Exercise aim:
The required output is the lines of the listing from the beginning through the line containing "Nous tournons pour", each copied exactly, without any pictures.

Data provided:
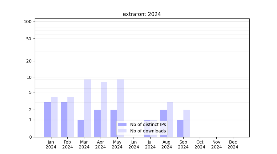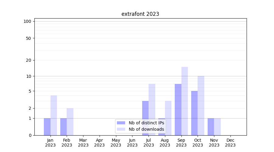 Number of downloads for experiment package extrafont, year by year, from 2025 back to 2014 (years with no downloads are omitted):
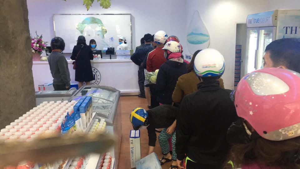 8h30 sáng 7/3 tại cửa hàng TH Truemart trên đường Hoàng Quốc Việt, đông khách xếp hàng chờ thanh toán:
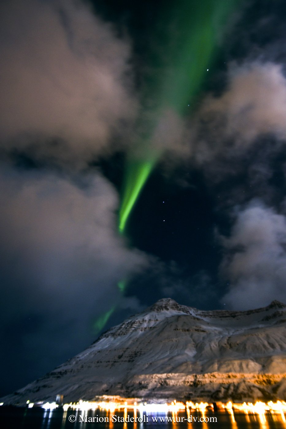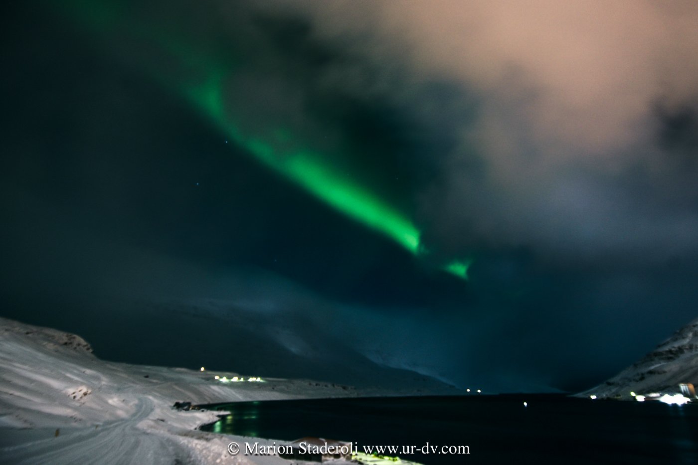 Nous tournons pour chercher où dormir, puis décidons d’aller patienter dans une station service. Nous buvons un thé et je consulte, comme chaque jour, les prévisions météo et aurore. Je vois une fenêtre d’une heure où les nuages devraient se dissiper. Nous avons du mal à y croire tant le ciel est bouché! Cela aura lieu autour de 20H, nous décidons donc d’attendre, puis de prendre la route pour nous éloigner autant que possible de la ville. Nous trouvons un bon point de vue, un peu en hauteur et nous arrêtons en bord de route. Nous sortons, il fait plutôt bon, pas de vent, et c’est assez agréable. Les nuages sont encore là… Nous n’y croyons pas trop… Je fais quelques clichés du fjord et de la ville histoire de m’occuper, puis je commence à distinguer une étrange trainée lumineuse… Les nuages bougent et laissent apparaître du vert!
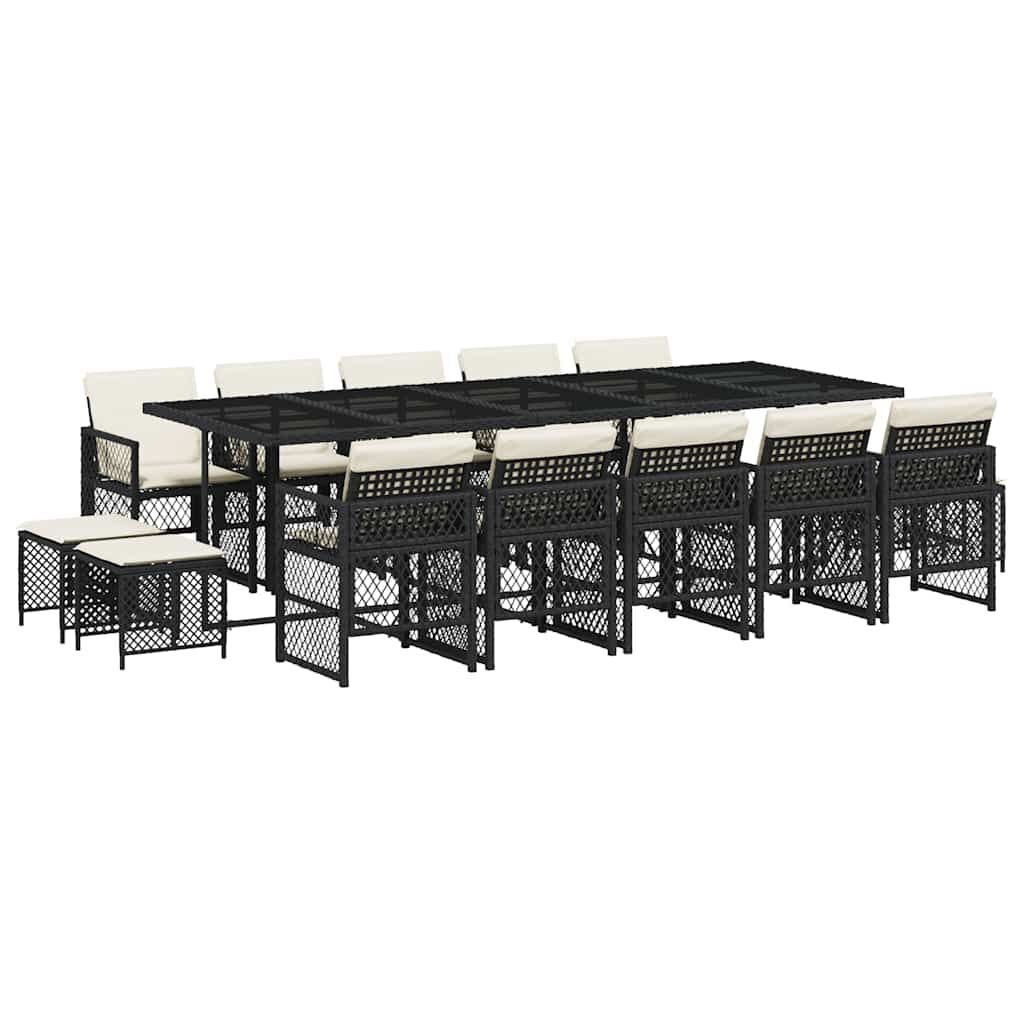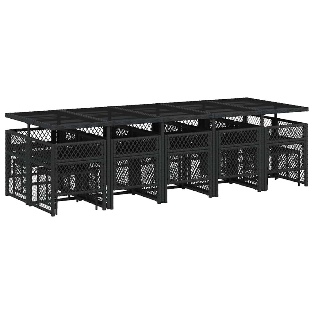 This garden dining set is a great choice for al fresco dining or just relaxing in the garden, backyard, or patio. Durable material: PE rattan, also known as poly rattan, is a strong, low-maintenance synthetic material that looks like natural rattan. It's lightweight, easy to clean, and commonly used for outdoor furniture due to its durability and weather-resistant properties. Glass tabletop: The outdoor table's top is made from strong and durable tempered glass, making it easy to clean with a damp cloth and adding a touch of elegance to your outdoor space. Compact storage: These chairs have a flap backrest that can be folded down, making it easy to store them under the table. When folded, they neatly fit under the table, forming a space-saving cube shape. Additionally, the stools can also be stored under the chairs, further maximising space efficiency. Comfortable seat experience: This outdoor furniture, complete with thickly padded cushions, offers a comfortable seating experience. Removable and washable cover: These seat cushions feature removable covers for easy washing and maintenance. The chair cushion covers have a flap at the back for easy attachment to the chairs. Good to know:To make sure your outdoor furniture stays beautiful, we recommend protecting it with a waterproof cover.

Task solution:
 Number of downloads for experiment package extrafont, year by year, from 2025 back to 2014 (years with no downloads are omitted):
 8h30 sáng 7/3 tại cửa hàng TH Truemart trên đường Hoàng Quốc Việt, đông khách xếp hàng chờ thanh toán:
 Nous tournons pour chercher où dormir, puis décidons d’aller patienter dans une station service. Nous buvons un thé et je consulte, comme chaque jour, les prévisions météo et aurore. Je vois une fenêtre d’une heure où les nuages devraient se dissiper. Nous avons du mal à y croire tant le ciel est bouché! Cela aura lieu autour de 20H, nous décidons donc d’attendre, puis de prendre la route pour nous éloigner autant que possible de la ville. Nous trouvons un bon point de vue, un peu en hauteur et nous arrêtons en bord de route. Nous sortons, il fait plutôt bon, pas de vent, et c’est assez agréable. Les nuages sont encore là… Nous n’y croyons pas trop… Je fais quelques clichés du fjord et de la ville histoire de m’occuper, puis je commence à distinguer une étrange trainée lumineuse… Les nuages bougent et laissent apparaître du vert!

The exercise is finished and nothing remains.